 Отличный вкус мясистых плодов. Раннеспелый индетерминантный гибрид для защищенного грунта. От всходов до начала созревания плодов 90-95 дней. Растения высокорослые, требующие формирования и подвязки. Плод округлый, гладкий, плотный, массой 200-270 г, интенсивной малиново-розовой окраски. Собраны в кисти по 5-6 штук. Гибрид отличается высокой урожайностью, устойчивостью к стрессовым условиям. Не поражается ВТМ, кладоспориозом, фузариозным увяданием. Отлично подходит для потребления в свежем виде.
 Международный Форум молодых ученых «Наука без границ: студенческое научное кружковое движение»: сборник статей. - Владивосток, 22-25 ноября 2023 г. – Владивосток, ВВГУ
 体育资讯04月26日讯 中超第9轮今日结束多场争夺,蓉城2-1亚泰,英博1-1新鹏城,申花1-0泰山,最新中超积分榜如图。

- - - - -

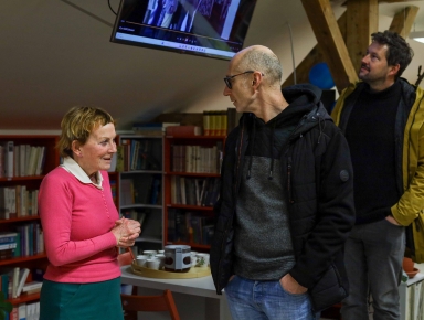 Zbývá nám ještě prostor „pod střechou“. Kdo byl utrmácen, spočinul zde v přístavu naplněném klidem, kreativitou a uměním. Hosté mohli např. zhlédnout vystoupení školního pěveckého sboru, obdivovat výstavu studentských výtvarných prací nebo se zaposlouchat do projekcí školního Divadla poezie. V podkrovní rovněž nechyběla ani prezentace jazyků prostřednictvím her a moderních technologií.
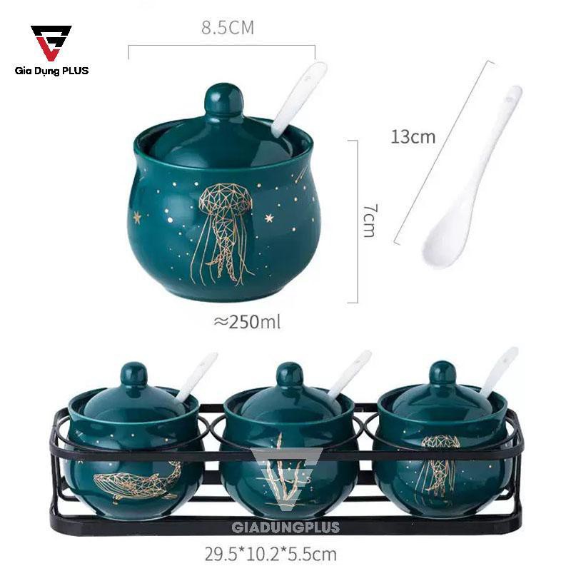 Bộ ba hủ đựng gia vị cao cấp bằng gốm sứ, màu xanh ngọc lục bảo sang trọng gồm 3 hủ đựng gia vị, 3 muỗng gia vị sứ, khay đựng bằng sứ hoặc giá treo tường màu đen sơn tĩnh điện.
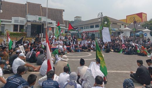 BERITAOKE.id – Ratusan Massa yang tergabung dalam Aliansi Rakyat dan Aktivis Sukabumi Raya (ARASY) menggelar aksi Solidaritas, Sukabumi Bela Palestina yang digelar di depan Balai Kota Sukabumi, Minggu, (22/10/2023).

- - - - -

• _PROBLEM DETAILS_: Above are some records; copy exactly the lines from the one with "Отличный вкус мясистых" through the one with "体育资讯04月26日讯 中超", both included, and no others.

• _REPLY_:
 Отличный вкус мясистых плодов. Раннеспелый индетерминантный гибрид для защищенного грунта. От всходов до начала созревания плодов 90-95 дней. Растения высокорослые, требующие формирования и подвязки. Плод округлый, гладкий, плотный, массой 200-270 г, интенсивной малиново-розовой окраски. Собраны в кисти по 5-6 штук. Гибрид отличается высокой урожайностью, устойчивостью к стрессовым условиям. Не поражается ВТМ, кладоспориозом, фузариозным увяданием. Отлично подходит для потребления в свежем виде.
 Международный Форум молодых ученых «Наука без границ: студенческое научное кружковое движение»: сборник статей. - Владивосток, 22-25 ноября 2023 г. – Владивосток, ВВГУ
 体育资讯04月26日讯 中超第9轮今日结束多场争夺,蓉城2-1亚泰,英博1-1新鹏城,申花1-0泰山,最新中超积分榜如图。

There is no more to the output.